Every year, there are certain areas or industries which attracts the Australian Taxation Office’s attention every year. Here is what we know of what they will be focusing on this year:

Business Structures

Consolidation allows wholly-owned corporate groups to operate as a single entity for income tax purposes. The below will be attracting attention:

  • CGT Consequences: The focus is on the reporting of capital gains or losses related to consolidation. Situations include:
            • Corporate groups that restructure and have one or more consolidated groups within a private group
            • where multiple entities join/leave the group
            • incorrectly reporting capital gains or losses arising from annual compliance arrangement calculations and allocation processes on joining or leaving the consolidated group.
  • Cost-setting rules: Focus is on allocable cost amount calculations and allocations on joining/leaving a group. Situations include:
            • restructuring which may affect the ACA calculation, before joining, forming or leaving a consolidated group
            • miscalculating or overstating the ACA.
            • inappropriately including or excluding assests before allocating ACA
            • incorrectly calculating ACA when leaving a group
            • incorrectly allocating ACA to the membership interests and treatment of pre-CGT shares.
  • Membership: Focus is on the formation of a consolidated group and eligibility of members. Situations include:
            • the incorrect formation of a consolidated group
            • incorrectly including or excluding an entity as a member of a consolidated group
            • late notifications of entries or exits from a consolidated group.
  • Losses: Focus is o n whether the available fraction has been correctly calculated and losses correctly used.
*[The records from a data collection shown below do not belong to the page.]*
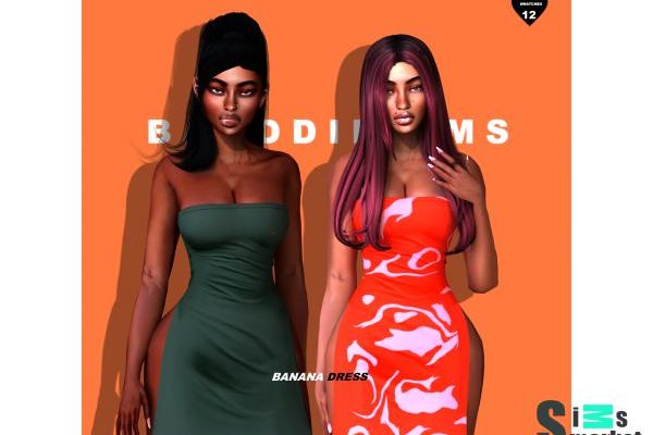 Главная » Одежда » В полный рост Платье banana by badddiesims для Симс 4. Скачать мод В полный рост Мод для Sims 4 — платье для девушек / несколько цветов. СКАЧАТЬ (.package)
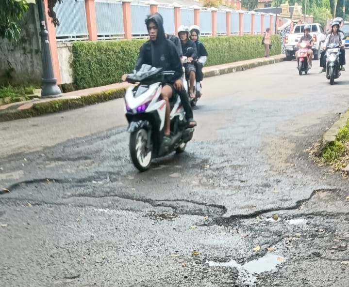 Terpantau awak media ketika melewati arah perum BTN Cihelet menuju persikas ditemukan jalan yang sudah terlihat rusak padahal diketahui jalan tersebut belum lama diperbaiki(diaspal),
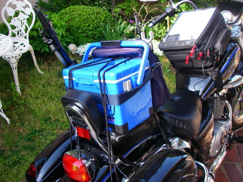 まず一番重要なクーラーボックスの選定。バイクの後部シートにピッタリ乗る大きさはシマノレジャークール7程度の大きさ(約20×31×21(H)cm)。これくらいコンパクトで保冷性の良いフィッシングクーラーという基準で選んだのがダイワ精工(DAIWA)のプロバイザーGXU-60(23×33.5×23(H)cm)。購入先は山とアウトドア専門店 ロッジ(会員になれば3割引で購入できる)。色はライムグリーン(現行モデルはイエローに変更)が可愛いと思ったが、結局バイクの色に合せてネイビーブルーをチョイス。
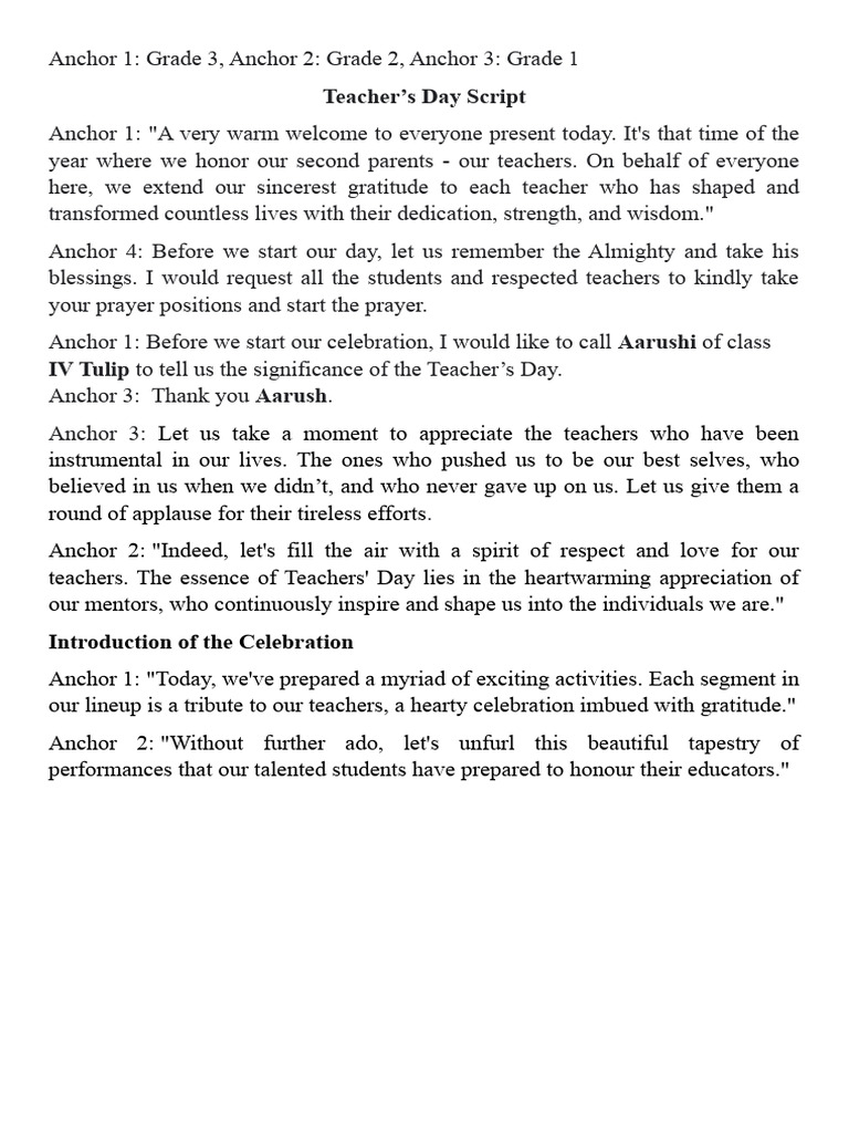 Teacher’s Day Script

Situations include:
            • incorrectly including or excluding an entity as a member of a consolidated group, where it may cause unintended tax benefits
            • incorrectly transferring or using losses
            • high available fractions that, if incorrect, would allow a consolidated group to use transferred losses at an inappropriate rate
            • failing to adjust the available fraction as required.


Demergers involves restructuring of a corporate group by splitting its operations into two or more entities or groups. Situations include:

  • disposing of the demerged entity or business after the demerger event
  • shareholders acquiring more than their share of the new interests in the demerged entity
  • schemes aiming to inappropriately obtain CGT rollover concessions through a corporate restructure that does not satisfy the demerger requirements
  • demergers that appear to have been undertaken to obtain a tax benefit rather than to improve business efficiency
  • demergers that eliminate or significantly reduce assessable capital gains or dividends.


Other behaviours

  • tax or economic performance not comparable to similar businesses
  • low transparency of your tax affairs
  • large, one-off or unusual transactions, including the transfer or shifting of wealth
  • aggressive tax planning
  • tax outcomes inconsistent with the intent of the tax law
  • choosing not to comply, or regularly taking controversial interpretations of the law, without engaging with us
  • lifestyle not supported by after-tax income
  • accessing business assets for tax-free private use
  • poor governance and risk-management systems.